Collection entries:
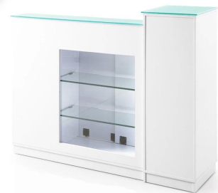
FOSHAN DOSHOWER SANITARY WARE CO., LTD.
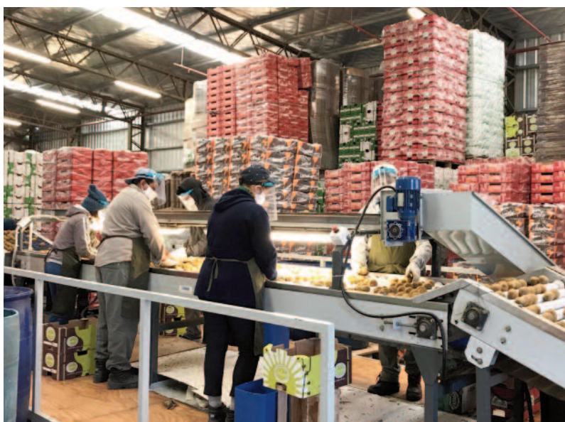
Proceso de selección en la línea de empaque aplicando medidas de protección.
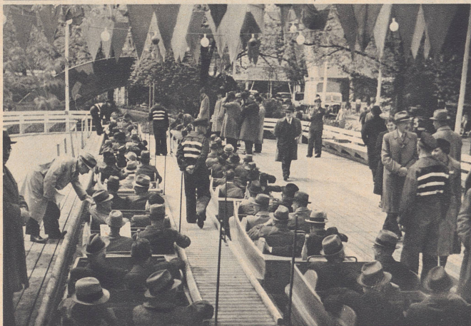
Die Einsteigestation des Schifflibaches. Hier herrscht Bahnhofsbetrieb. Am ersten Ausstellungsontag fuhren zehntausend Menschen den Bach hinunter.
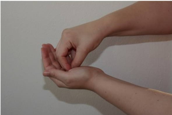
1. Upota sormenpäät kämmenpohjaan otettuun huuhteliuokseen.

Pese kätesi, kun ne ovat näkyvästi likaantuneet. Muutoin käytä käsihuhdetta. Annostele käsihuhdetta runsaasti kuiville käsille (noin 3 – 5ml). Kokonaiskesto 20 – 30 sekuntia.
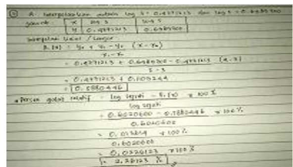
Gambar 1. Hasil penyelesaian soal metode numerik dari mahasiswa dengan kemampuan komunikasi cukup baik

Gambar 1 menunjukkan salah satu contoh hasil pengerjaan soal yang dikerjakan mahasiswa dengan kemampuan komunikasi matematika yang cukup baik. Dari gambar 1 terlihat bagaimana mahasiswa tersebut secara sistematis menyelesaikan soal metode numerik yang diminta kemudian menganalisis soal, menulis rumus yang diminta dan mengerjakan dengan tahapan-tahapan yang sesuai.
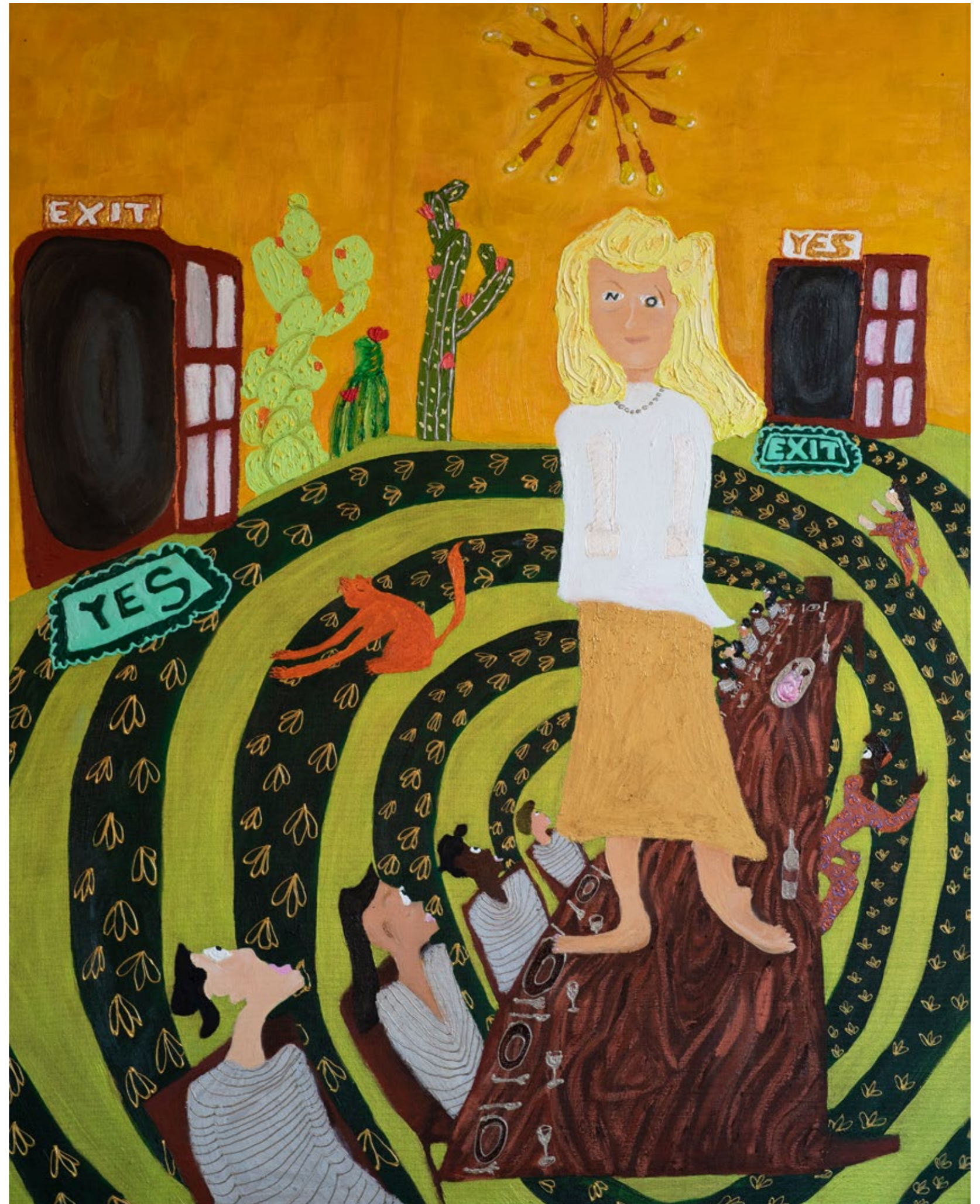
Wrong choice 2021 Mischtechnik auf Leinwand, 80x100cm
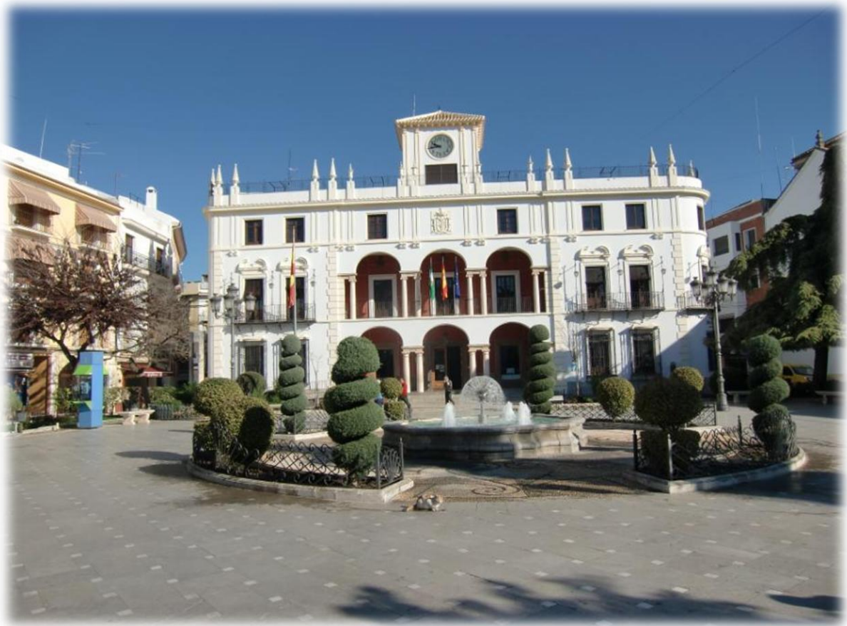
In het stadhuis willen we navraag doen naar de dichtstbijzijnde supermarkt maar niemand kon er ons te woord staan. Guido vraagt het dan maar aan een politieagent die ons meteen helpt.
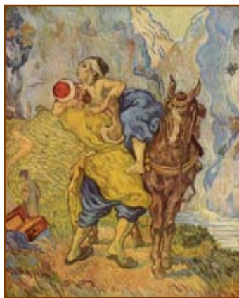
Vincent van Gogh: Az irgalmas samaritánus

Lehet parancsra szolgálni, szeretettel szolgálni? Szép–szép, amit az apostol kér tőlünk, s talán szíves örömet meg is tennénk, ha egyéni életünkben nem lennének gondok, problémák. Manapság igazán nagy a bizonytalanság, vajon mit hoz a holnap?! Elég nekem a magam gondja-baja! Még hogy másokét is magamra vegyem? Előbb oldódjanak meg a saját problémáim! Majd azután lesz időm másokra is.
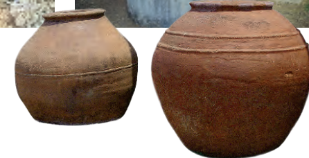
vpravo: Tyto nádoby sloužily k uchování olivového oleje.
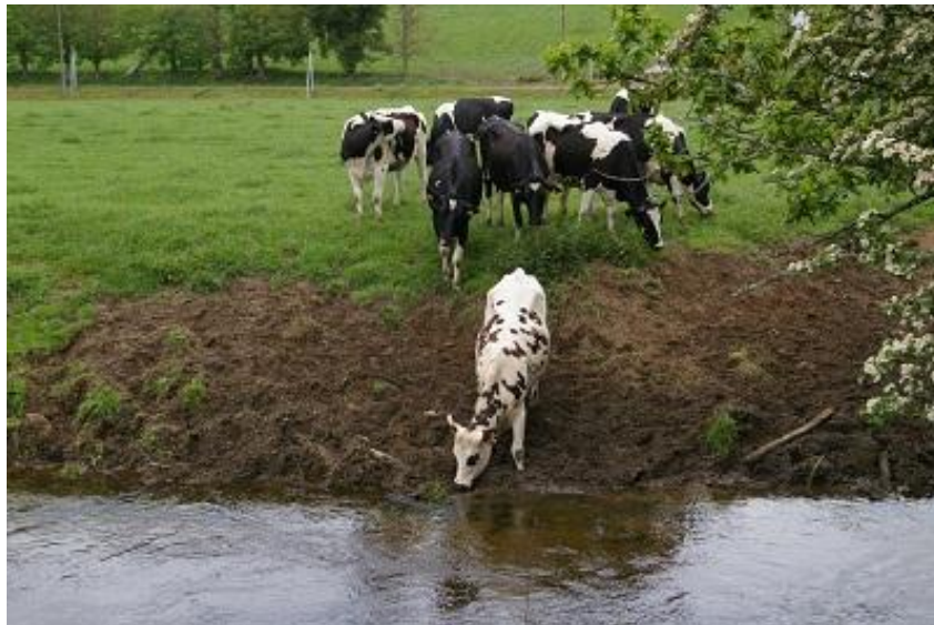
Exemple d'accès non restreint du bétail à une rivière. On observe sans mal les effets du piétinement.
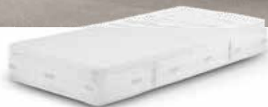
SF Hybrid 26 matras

_PROBLEM_
Repeat exactly, please: transcribe each entry and leave out the pictures.

_FINISHED TASK_
FOSHAN DOSHOWER SANITARY WARE CO., LTD.
Proceso de selección en la línea de empaque aplicando medidas de protección.
Die Einsteigestation des Schifflibaches. Hier herrscht Bahnhofsbetrieb. Am ersten Ausstellungsontag fuhren zehntausend Menschen den Bach hinunter.
1. Upota sormenpäät kämmenpohjaan otettuun huuhteliuokseen.

Pese kätesi, kun ne ovat näkyvästi likaantuneet. Muutoin käytä käsihuhdetta. Annostele käsihuhdetta runsaasti kuiville käsille (noin 3 – 5ml). Kokonaiskesto 20 – 30 sekuntia.
Gambar 1. Hasil penyelesaian soal metode numerik dari mahasiswa dengan kemampuan komunikasi cukup baik

Gambar 1 menunjukkan salah satu contoh hasil pengerjaan soal yang dikerjakan mahasiswa dengan kemampuan komunikasi matematika yang cukup baik. Dari gambar 1 terlihat bagaimana mahasiswa tersebut secara sistematis menyelesaikan soal metode numerik yang diminta kemudian menganalisis soal, menulis rumus yang diminta dan mengerjakan dengan tahapan-tahapan yang sesuai.
Wrong choice 2021 Mischtechnik auf Leinwand, 80x100cm
In het stadhuis willen we navraag doen naar de dichtstbijzijnde supermarkt maar niemand kon er ons te woord staan. Guido vraagt het dan maar aan een politieagent die ons meteen helpt.
Vincent van Gogh: Az irgalmas samaritánus

Lehet parancsra szolgálni, szeretettel szolgálni? Szép–szép, amit az apostol kér tőlünk, s talán szíves örömet meg is tennénk, ha egyéni életünkben nem lennének gondok, problémák. Manapság igazán nagy a bizonytalanság, vajon mit hoz a holnap?! Elég nekem a magam gondja-baja! Még hogy másokét is magamra vegyem? Előbb oldódjanak meg a saját problémáim! Majd azután lesz időm másokra is.
vpravo: Tyto nádoby sloužily k uchování olivového oleje.
Exemple d'accès non restreint du bétail à une rivière. On observe sans mal les effets du piétinement.
SF Hybrid 26 matras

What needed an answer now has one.